# Need some help guys!



## cyborg47 (Aug 26, 2009)

im thinking of making a few changes to my system...my budget is around rs.7500/-..
Sell away my Transcend 2X2GB ddr2 800HMz for rs.2300/-...not sure whether to sell it for that price or not, bought it exactly one year back(august 2008..and then get the corsair 2X2GB ddr2 1066MHz ram for around rs.7000/-...and an xbox 360 controller with that!

Or, sell my 8800GT 512MB ddr3(how much can i sell that for, this is one year old(august2008)..and add the 7000 to that and get a Zotac GTX 260 2, and will it fit in the NZXT alpha Cabinet??

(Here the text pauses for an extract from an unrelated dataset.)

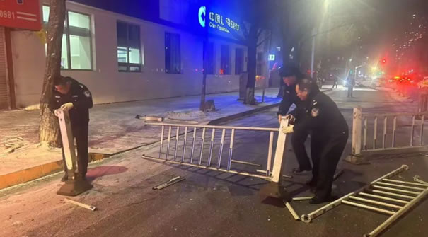 1月28日除夕當天,肇東市迎來大范圍低溫降雪,低溫降雪導致城區路段有結冰現象發生,過往車輛時常發生打滑失控,撞上馬路中間的護欄,變形、倒地的破損護欄嚴重影響車輛及群眾的出行安全。肇東市公安局奮斗派出所民輔警巡邏至八道街建設銀行路口時,發現路口中間的隔離護欄被撞壞,過往車輛紛紛避讓,影響正常的道路通行,加之天黑,稍不留神,極易造成安全事故,存在很大的安全隱患。見此情景,民警劉長軍、吳復生、王海瑩、輔警邵建壹迅速來到事發現場,及時將撞壞的護欄扶正擺好,把護欄移至原位,同時指揮過往車輛完全通行。經過民警二十多分鐘的精心維護,終于把斷裂護欄修好歸位,保證了車輛行人的通行安全,受到了過往司機朋友的點贊。

an more suggestions, thanx in advance..


----------



## official (Sep 2, 2009)

Why do you want to sell your ram??? I dont think there is any need to get 1066 mhz.
they'll do fine.
Getting a joystick may be a good idea but if you have xbox 360. Dont try it on pc...you can get far better joysticks at affordable price.Your wish though

getting a new gfx is the most sensible out of all, and that too gtx260...
But remember you need two 6 pin molex power connector and 500watt psu for that.
upgrade only if you think you hav that psu.
8800gt is really a good gfx card. i hav that too and it still runs almost all games at 1280x1024
and decent settings.
if you are not in a hurry then wait for sometime so that amd releases something new.
Prices may come down as well (not too sure but may be). Upgrading gpu at the end of year ai'nt always a good idea.atleast wait for sep15.
Its your decision afterall


----------



## Krow (Sep 2, 2009)

Unless u have a full hd monitor and wanna game at max res, i dont see why you wanna upgrade in the first place. Better make do with this more than decent config of yours now and upgrade after GT300/HD5xxx gfx cards are out.


----------



## cyborg47 (Sep 5, 2009)

thanx for the reply guys, my mom promised me that shez gonna give me 15k next year, so i ll get the x360 controller for now, and upgrade thae graphic card next year. does gtx 260 fit in my cab??(NZXT alpha).


----------